You agree to the following terms and conditions to access the ATCC genomic data site under www.genomes.atcc.org and to view and/or download data or other information. External consulting agreements are considered personal agreements between the wcm faculty member and the company. Therefore, WCM does not offer legal verification or negotiation support for such agreements or otherwise represents faculty members as individuals. However, to protect wcm, the University Counsel requires that a non-negotiable addendum be signed by the company and included in any employee advisory agreement. The faculty member also needs the approval of its president to follow external advice and must update his conflict of interest file. For more information on conflict disclosure, click here. The initial motivation for our work was HPR, which required a secure IT environment, in accordance with HIPAA standards and other rules, to analyze identifiable data from Medicare, WCM/NYP health systems and other sources. Although Cornell University offers a safe virtual analytics environment in Ithaca, New York, this institution is not part of the entity covered by Weill Cornell Medicine HIPAA and therefore does not be suitable for many types of patient-centered data. One approach to solving this problem is a secure virtual computing environment. To our knowledge, very few studies have described the infrastructure for safe analysis. The University of Utah described its adaptation of high-performance infrastructure (HPC) to HIPAA-regulated patient data storage for teacher and staff analysis (1). In three years, the protected environment, which limited access under the IRB protocol, has increased from three to 58 users.

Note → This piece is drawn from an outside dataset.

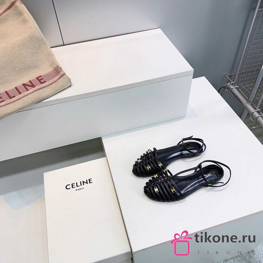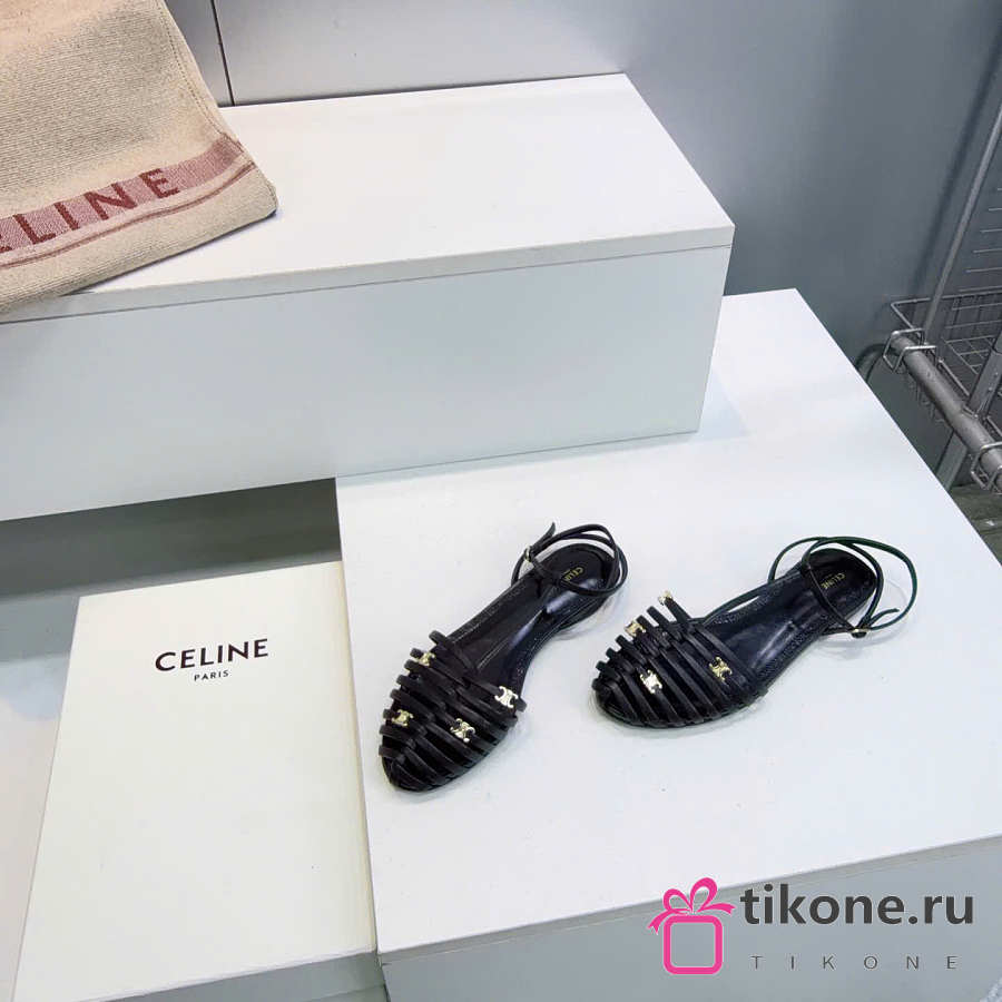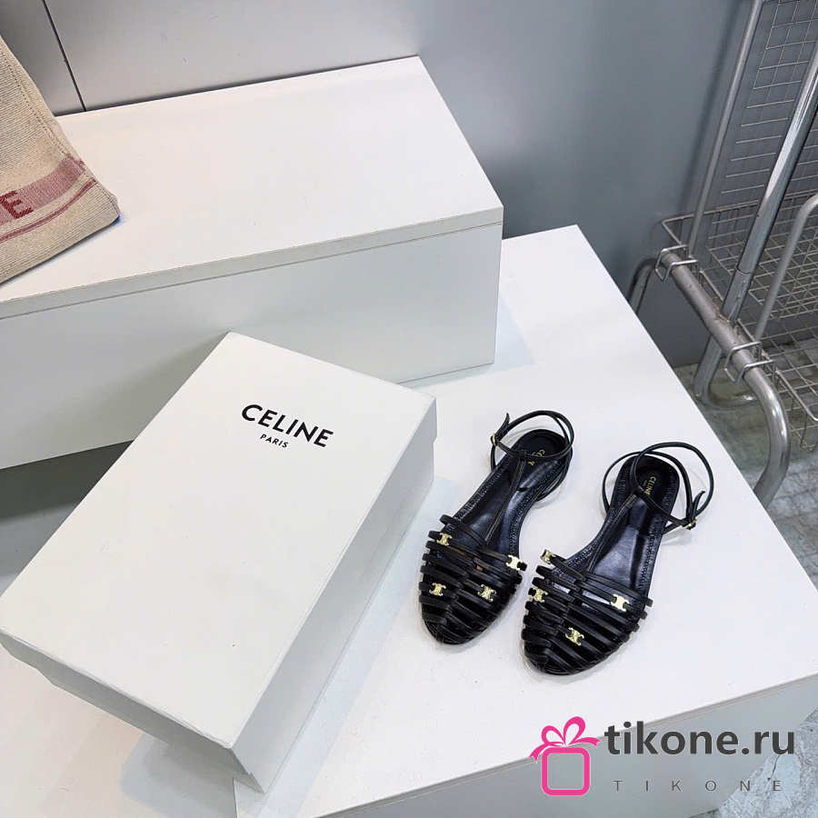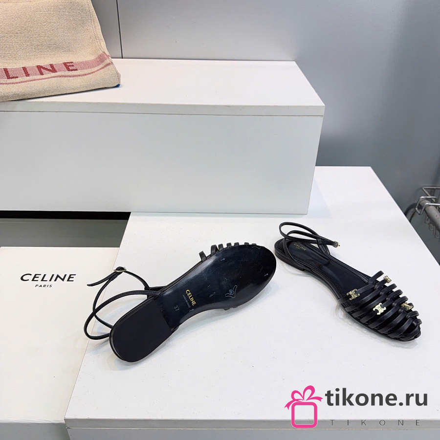 Celine Cage Flat Sandal In Lambskin Black

Although the study described technical infrastructure and early use statistics, regulated data management procedures or financial sustainability plans were not detailed. PopData British Columbia described the use of a secure remote computing environment to access health data (2). However, the system only allowed access to records previously decrypted by a separate process. no identifiable data was allowed. In addition, the study presented only limited details on the technological approach. Neither study described the use of resources to support education. An additional description of effective secure computing environments to support research and education can inform practitioners and academic evaluation efforts. Compared to data warehouse clinical trials (3-10), the design and implementation of secure computer environments for sensitive data is much less well known. This case report aims to describe an effective approach to securing the processing of sensitive data in a university medical centre. Package installations are done on demand, with self-service updates, as data access allows.
Full development environments are not yet envisaged. Some projects have also implemented clear software requirements that require a configuration between the Data Core project environment and an SQL database server. This involves a series of consultations between Data Core curators, technical staff and users. First, vendors clarify the necessary user scan/processing results, which may contain necessary software and workflow suggestions. The technical team then determines which software and work processes are consistent with project management, safety and technical regulations and that are realistically feasible.